X-rays include a skeletal survey. Punched-out lytic lesions or diffuse osteoporosis is present in 80% of cases. Radionuclide bone scans usually are not helpful. MRI can provide more detail and is obtained if specific sites of pain or neurologic symptoms are present.
Bone marrow aspiration and biopsy are done and reveal sheets or clusters of plasma cells; myeloma is diagnosed when > 10% of the cells are of this type. However, bone marrow involvement is patchy; therefore, some samples from patients with myeloma may show < 10% plasma cells. Still, the number of plasma cells in bone marrow is rarely normal. Plasma cell morphology does not correlate with the class of immunoglobulin synthesized. Chromosomal studies on bone marrow may reveal specific karyotypic abnormalities in plasma cells associated with differences in survival.

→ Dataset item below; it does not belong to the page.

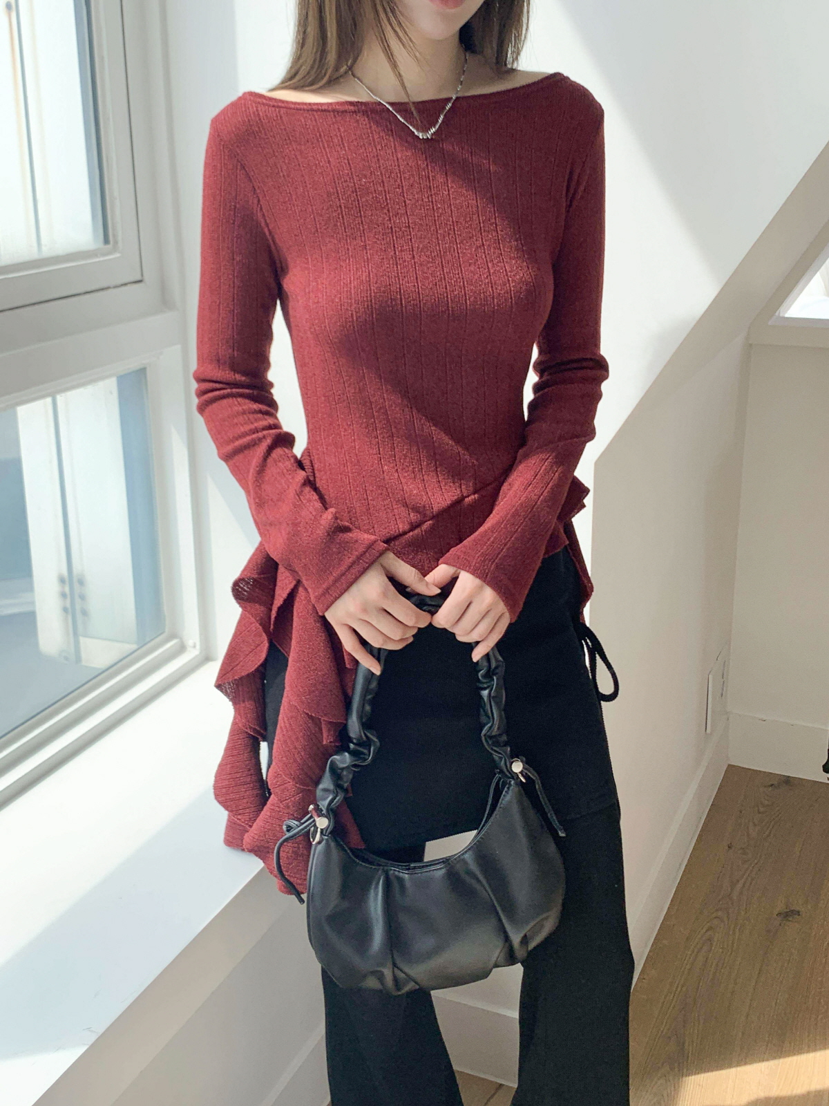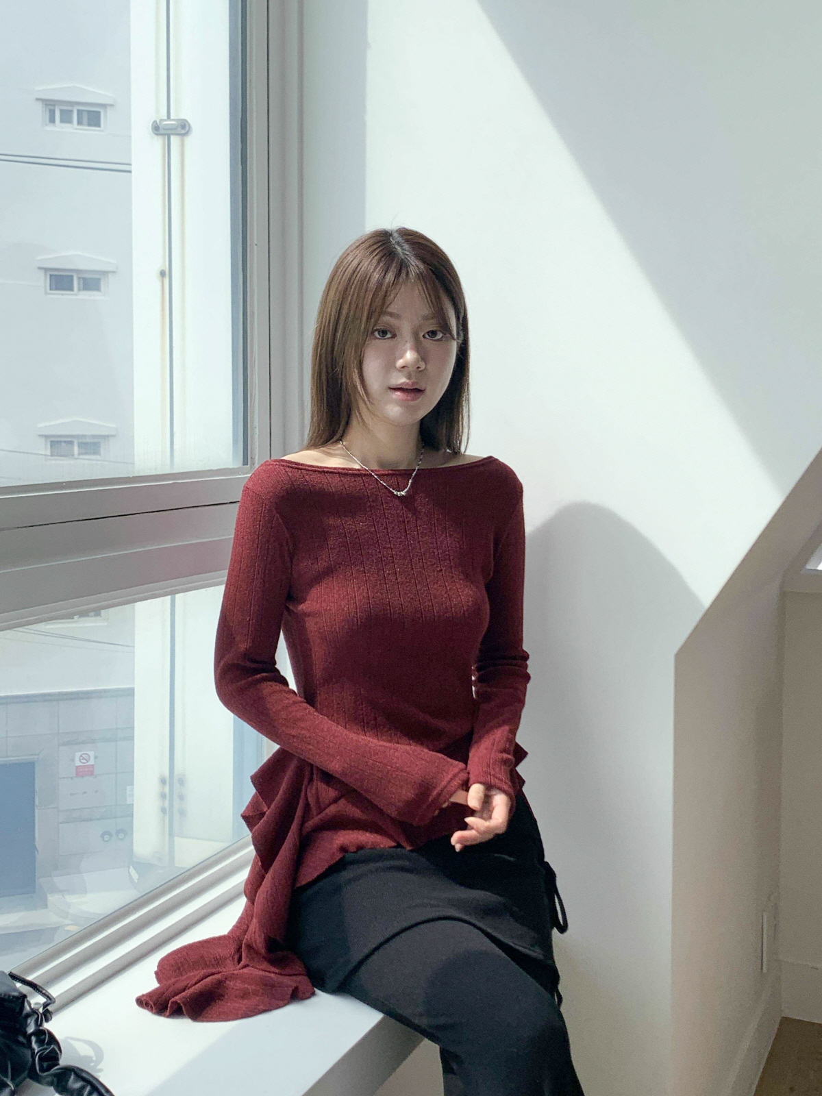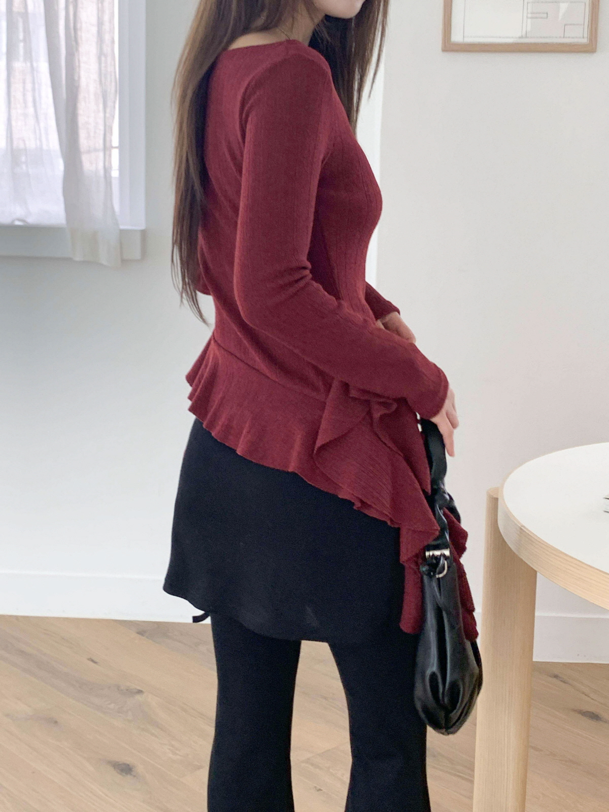 사랑스러운 무드의 밑단 프릴이 포인트인 데일리 니트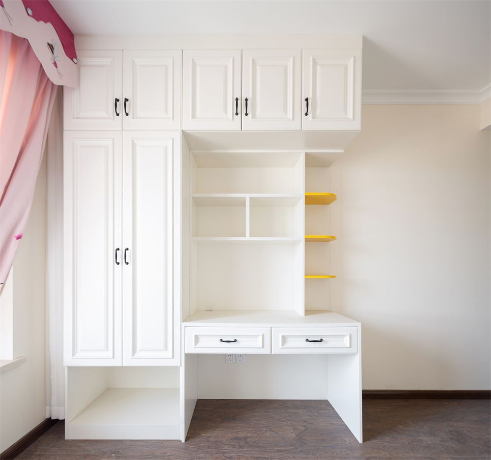在設(shè)計(jì)的過程中考慮到兒童房的特點(diǎn),在把手處做了圓滑包邊的設(shè)計(jì),避免在打開柜子的過程受到傷害,并且柜身表面十分光滑,拐角處用半圓形的設(shè)計(jì)可最大限度上避免孩子出現(xiàn)磕碰的情況,為孩子今后的成長保駕護(hù)航。

In patients without serum M protein, myeloma is indicated by Bence Jones proteinuria > 300 mg/24 h, osteolytic lesions (without evidence of metastatic cancer or granulomatous disease), and sheets or clusters of plasma cells in the bone marrow.
Prognosis
The disease is progressive and incurable, but median survival has recently improved to > 5 yr as a result of advances in treatment. Unfavorable prognostic signs at diagnosis are lower serum albumin and higher β2-microglobulin levels. Patients presenting with renal failure also do poorly unless kidney function improves with therapy.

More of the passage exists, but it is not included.